0

I've been working on a "crawler" of sorts that goes through our repository, and lists directories and files as it goes. For every directory it enounters, it creates a thread that does the same for that directory and so on, recursively. Effectively this creates a very short-lived thread for every directory encountered in the repos. ( it doesn't take very long to request information on just one path, there are just tens of thousands of them )

The logic looks as follows:

import threading
import perforce as Perforce #custom perforce class
from pathlib import Path

p4 = Perforce()
p4.connect()

class Dir():
    def __init__(self, path):
        self.dirs = []
        self.files = []
        self.path = path

        self.crawlers = []

    def build_crawler(self):
        worker = Crawler(self)
        # append to class variable to keep it from being deleted
        self.crawlers.append(worker)
        worker.start()

class Crawler(threading.Thread):
    def __init__(self, dir):
        threading.Thread.__init__(self)
        self.dir = dir

    def run(self):
        depotdirs = p4.getdepotdirs(self.dir.path)
        depotfiles = p4.getdepotfiles(self.dir.path)
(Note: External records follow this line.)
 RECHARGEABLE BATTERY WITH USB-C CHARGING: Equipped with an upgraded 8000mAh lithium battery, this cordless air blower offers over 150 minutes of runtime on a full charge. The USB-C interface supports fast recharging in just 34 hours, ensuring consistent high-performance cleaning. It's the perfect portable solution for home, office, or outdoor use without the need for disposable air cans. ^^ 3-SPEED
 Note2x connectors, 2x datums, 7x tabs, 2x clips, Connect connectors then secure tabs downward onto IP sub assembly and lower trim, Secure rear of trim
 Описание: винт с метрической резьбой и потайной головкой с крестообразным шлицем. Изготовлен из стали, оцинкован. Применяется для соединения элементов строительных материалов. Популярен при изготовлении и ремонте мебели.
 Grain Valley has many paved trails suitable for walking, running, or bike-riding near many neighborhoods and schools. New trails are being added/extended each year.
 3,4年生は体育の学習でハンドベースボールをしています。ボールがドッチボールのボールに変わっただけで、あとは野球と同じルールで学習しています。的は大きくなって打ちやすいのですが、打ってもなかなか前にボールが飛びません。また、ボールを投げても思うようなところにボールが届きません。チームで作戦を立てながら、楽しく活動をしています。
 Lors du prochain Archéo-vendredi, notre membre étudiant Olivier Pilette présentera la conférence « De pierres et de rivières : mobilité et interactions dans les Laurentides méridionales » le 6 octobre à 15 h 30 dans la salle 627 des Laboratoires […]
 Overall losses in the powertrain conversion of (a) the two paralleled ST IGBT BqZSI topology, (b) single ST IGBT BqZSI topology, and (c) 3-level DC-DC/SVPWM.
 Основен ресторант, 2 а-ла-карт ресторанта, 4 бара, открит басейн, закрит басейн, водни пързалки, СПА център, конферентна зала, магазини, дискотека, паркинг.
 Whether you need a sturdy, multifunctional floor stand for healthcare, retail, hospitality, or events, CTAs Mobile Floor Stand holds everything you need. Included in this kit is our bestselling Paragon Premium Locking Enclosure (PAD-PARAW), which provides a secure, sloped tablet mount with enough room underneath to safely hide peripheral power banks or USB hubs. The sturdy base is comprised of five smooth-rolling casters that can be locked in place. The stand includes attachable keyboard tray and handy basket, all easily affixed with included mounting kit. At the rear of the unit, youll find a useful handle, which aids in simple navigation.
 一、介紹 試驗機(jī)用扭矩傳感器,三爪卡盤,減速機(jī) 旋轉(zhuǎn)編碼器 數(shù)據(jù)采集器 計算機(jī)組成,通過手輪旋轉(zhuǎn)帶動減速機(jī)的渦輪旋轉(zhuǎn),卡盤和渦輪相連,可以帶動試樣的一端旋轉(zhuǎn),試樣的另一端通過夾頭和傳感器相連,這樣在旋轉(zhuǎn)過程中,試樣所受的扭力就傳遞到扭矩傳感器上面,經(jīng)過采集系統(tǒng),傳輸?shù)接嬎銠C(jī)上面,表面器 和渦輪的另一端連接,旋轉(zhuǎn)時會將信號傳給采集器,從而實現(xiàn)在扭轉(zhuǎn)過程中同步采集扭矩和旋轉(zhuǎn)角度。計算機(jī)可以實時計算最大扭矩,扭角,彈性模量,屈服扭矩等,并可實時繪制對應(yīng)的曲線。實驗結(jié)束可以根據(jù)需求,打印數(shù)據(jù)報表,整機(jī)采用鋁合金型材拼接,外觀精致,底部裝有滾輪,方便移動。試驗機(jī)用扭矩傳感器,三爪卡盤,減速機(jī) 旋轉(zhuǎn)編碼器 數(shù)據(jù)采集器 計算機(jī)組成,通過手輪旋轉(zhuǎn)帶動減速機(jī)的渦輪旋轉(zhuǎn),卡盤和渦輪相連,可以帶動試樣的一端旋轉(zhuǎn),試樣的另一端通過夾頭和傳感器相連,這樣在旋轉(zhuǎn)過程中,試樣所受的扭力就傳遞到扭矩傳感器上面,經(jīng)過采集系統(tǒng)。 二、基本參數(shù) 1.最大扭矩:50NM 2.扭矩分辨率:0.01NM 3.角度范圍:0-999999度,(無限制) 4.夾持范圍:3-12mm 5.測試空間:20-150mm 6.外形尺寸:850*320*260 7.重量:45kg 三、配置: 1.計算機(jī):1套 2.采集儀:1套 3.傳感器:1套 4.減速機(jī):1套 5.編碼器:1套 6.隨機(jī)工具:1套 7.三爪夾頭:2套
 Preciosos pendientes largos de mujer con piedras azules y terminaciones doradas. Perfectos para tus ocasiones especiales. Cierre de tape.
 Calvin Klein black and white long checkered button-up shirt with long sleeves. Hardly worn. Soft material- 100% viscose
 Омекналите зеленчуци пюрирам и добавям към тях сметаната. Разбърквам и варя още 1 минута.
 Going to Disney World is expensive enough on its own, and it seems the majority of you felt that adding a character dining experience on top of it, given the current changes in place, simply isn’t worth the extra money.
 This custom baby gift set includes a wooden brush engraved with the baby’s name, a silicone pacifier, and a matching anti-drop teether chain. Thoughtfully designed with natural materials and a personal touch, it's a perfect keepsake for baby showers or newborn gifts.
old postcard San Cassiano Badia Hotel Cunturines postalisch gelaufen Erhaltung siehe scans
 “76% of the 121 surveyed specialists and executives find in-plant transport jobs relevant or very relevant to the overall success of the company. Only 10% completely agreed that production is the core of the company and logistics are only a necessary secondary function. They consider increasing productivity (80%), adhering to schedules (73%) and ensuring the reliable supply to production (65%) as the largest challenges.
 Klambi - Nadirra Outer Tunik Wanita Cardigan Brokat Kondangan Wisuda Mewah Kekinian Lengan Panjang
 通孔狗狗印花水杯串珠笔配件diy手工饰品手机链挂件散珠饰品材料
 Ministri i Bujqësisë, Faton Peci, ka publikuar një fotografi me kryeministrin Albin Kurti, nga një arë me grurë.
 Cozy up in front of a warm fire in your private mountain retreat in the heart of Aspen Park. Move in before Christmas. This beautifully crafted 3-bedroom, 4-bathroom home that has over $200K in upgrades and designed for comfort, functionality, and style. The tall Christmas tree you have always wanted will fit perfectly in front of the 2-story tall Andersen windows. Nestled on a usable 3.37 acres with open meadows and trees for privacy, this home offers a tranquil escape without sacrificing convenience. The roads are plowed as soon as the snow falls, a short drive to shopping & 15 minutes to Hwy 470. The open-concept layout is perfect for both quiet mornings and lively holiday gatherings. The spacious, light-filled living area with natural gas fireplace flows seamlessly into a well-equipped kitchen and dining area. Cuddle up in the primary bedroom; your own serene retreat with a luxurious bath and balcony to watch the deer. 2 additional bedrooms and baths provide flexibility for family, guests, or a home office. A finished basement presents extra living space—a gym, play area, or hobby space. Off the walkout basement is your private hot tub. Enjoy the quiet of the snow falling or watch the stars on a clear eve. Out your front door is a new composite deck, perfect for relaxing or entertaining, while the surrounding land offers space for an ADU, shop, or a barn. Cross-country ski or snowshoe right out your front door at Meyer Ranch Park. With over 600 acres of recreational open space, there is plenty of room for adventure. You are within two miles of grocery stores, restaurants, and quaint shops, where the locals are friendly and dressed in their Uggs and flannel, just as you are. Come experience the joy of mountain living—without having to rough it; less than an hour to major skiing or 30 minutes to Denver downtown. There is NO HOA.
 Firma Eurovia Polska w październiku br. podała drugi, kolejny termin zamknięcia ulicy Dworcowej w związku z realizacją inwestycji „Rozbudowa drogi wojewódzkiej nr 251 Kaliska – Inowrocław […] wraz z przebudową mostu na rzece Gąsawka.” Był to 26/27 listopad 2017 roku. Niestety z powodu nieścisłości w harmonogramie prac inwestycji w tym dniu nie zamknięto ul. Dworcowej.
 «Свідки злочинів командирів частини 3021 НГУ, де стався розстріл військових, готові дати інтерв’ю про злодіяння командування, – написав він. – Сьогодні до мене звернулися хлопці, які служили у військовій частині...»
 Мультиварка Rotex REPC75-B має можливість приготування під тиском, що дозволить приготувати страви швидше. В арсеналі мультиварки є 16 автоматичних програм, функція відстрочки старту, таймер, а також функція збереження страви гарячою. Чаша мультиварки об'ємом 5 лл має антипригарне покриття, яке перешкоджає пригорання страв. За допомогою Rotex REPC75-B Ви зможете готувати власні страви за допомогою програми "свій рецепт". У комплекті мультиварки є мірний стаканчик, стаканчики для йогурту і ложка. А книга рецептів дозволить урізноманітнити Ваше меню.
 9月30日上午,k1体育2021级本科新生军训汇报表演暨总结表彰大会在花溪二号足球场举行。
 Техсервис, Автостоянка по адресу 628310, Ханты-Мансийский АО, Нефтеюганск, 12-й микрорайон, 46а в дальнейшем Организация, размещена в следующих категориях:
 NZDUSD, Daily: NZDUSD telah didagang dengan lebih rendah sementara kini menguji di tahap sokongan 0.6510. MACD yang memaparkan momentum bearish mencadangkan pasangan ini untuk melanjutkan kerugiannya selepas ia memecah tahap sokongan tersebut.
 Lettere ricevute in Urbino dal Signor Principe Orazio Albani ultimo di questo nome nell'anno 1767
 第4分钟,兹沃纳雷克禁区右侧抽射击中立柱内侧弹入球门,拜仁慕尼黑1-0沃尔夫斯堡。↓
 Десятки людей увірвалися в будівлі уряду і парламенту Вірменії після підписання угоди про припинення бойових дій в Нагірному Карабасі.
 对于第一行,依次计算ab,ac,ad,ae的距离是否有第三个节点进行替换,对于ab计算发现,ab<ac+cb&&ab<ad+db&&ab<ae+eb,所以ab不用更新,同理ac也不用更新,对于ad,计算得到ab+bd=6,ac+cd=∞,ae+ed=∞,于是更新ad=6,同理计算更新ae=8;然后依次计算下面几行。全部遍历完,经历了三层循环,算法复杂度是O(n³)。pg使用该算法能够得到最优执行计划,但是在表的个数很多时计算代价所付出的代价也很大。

        for p in depotdirs:
            if Path(p).is_dir():
                _d = Dir(self.dir, p)
                self.dir.dirs.append(_d)

        for p in depotfiles:
            if Path(p).is_file():
                f = File(p) # File is like Dir, but with less stuff, just a path.
                self.dir.files.append(f)

        for dir in self.dir.dirs:
            dir.build_crawler()
            for worker in d.crawlers:
                worker.join()

Obviously this is not complete code, but it represents what I'm doing.

My question really is whether I can create an instance of this Perforce class in the __init__ method of the Crawler class, so that requests can be done separately. Right now, I have to call join() on the created threads so that they wait for completion, to avoid concurrent perforce calls.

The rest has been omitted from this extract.